Link to the dataset(s)

N/A


Reviews

Review #1

  • Please describe the contribution of the paper

    A multi-modal medical image segmentation approach (EI-DDPM) is proposed in this submission, where denoising diffusion probabilistic models (DDPM) is equipped with evidence learning. As a result, the proposed approach is able to perform segmentation and predict the reliability coefficients for each modality used. Ablation studies are provided to validate the major components of the proposed EI-DDPM.

  • Please list the main strengths of the paper; you should write about a novel formulation, an original way to use data, demonstration of clinical feasibility, a novel application, a particularly strong evaluation, or anything else that is a strong aspect of this work. Please provide details, for instance, if a method is novel, explain what aspect is novel and why this is interesting.
    • The nature of multi-modal medical image segmentation involves an assessment of the reliability of each modality. The idea proposed in this paper is interesting, which leverages the evidence theory (DST) and integrates it into DDPM.

    • The proposed approach is able to produce both segmentation and reliability estimation for each modality as shown in Table 3 and 4.

    • The ablation studies (Table 2) validate two major components in the proposed approach on two datasets (BraTS 2021 and Liver MRI).

  • Please list the main weaknesses of the paper. Please provide details, for instance, if you think a method is not novel, explain why and provide a reference to prior work.
    • As a diffusion model-based image segmentation approach, the quantitative comparison should include the recent diffusion model-based image segmentation methods. However, there is only one diffusion model-based method [20] included in the comparison (Table 1), which makes it difficult to assess the effectiveness of the proposed approach.

    • It is mentioned in section 2.2 that the hypothesis of the proposed approach is to regard multi-modality images as independent and different sources of knowledge. However, no further discussion or clarification on whether the hypothesis is true or not.

  • Please rate the clarity and organization of this paper

    Good

  • Please comment on the reproducibility of the paper. Note, that authors have filled out a reproducibility checklist upon submission. Please be aware that authors are not required to meet all criteria on the checklist - for instance, providing code and data is a plus, but not a requirement for acceptance

    The lack of code or pre-trained models as supplemental material is a concern for the reproducibility of the results. Based on the reproducibility response, the authors agree to release the related code if this work is accepted.

  • Please provide detailed and constructive comments for the authors. Please also refer to our Reviewer’s guide on what makes a good review: https://conferences.miccai.org/2023/en/REVIEWER-GUIDELINES.html

    Given the fast development in the area of diffusion models for medical image segmentation, it is important for the authors to be aware of the latest research and acknowledge the recent works in this area. While it may not be feasible to include all recent papers in the comparison, more diffusion model-based image segmentation methods should be included to validate the effectiveness of the proposed approach. The current quantitative comparison (Table 1) only includes one diffusion model-based method [20], which raises concerns about the authors’ familiarity with the latest developments in this area. Therefore, it is recommended to include more related works in the quantitative evaluation, such as [a-d], to provide a more convincing comparison of the proposed approach.

    The hypothesis regarding multi-modality images as independent and different sources of knowledge serves as the foundation for the proposed approach, and it is important to evaluate its validity. Without further discussion or clarification on the hypothesis, it is difficult to assess the validity of the proposed approach and the reported results. Thus, it is expected to provide a detailed discussion on the hypothesis (the evidence supporting it).

    Other comments:

    • A reference is missing in page 2: … have shown remarkable performance [9,?].
    • One space before the beginning of this sentence is missing (page 2): … knowledge [10].Some …

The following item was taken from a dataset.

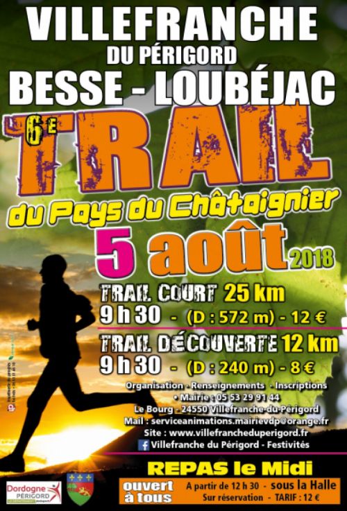 7ème édition du TRAIL du Pays du Châtaignier. Venez participer ou encourager les coureurs du Trail du Pays du Châtaignier à Villefranche du Périgord (passage à Loubéjac et Besse), organisé par la mairie.
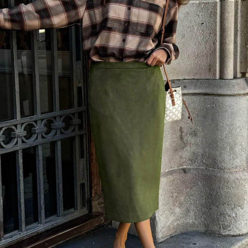 Retro egyenes szabású maxi szoknya kockás pamutból

    [a] Wu, Junde, et al. “MedSegDiff: Medical Image Segmentation with Diffusion Probabilistic Model.” arXiv preprint arXiv:2211.00611 (2022). [b] Rahman, Aimon, et al. “Ambiguous Medical Image Segmentation using Diffusion Models.” CVPR 2023. [c] Wu, Junde, et al. “MedSegDiff-V2: Diffusion based Medical Image Segmentation with Transformer.” arXiv preprint arXiv:2301.11798 (2023). [d] Xing, Zhaohu, et al. “Diff-UNet: A Diffusion Embedded Network for Volumetric Segmentation.” arXiv preprint arXiv:2303.10326 (2023).

  • Rate the paper on a scale of 1-8, 8 being the strongest (8-5: accept; 4-1: reject). Spreading the score helps create a distribution for decision-making

    5

  • Please justify your recommendation. What were the major factors that led you to your overall score for this paper?

    The following are the major factors that led to the current score.

    • The idea proposed in this submission is interesting for multi-modal medical image segmentation.
    • Few diffusion model-based image segmentation methods are included in the quantitative comparisons.
    • The hypothesis regarding multi-modality images as independent and different sources is not validated.
  • Reviewer confidence

    Very confident

  • [Post rebuttal] After reading the author’s rebuttal, state your overall opinion of the paper if it has been changed

    N/A

  • [Post rebuttal] Please justify your decision

    N/A



Review #2

  • Please describe the contribution of the paper

    This paper propose a novel EI-DDPM for multi-modal image segmentation, which combines DDPM and contextual discounting. This allows the network to evaluate the reliability of different modalities when fusing the outputs. Experiments on BraTS 2021 dataset demonstrate the effectiveness of the proposed method.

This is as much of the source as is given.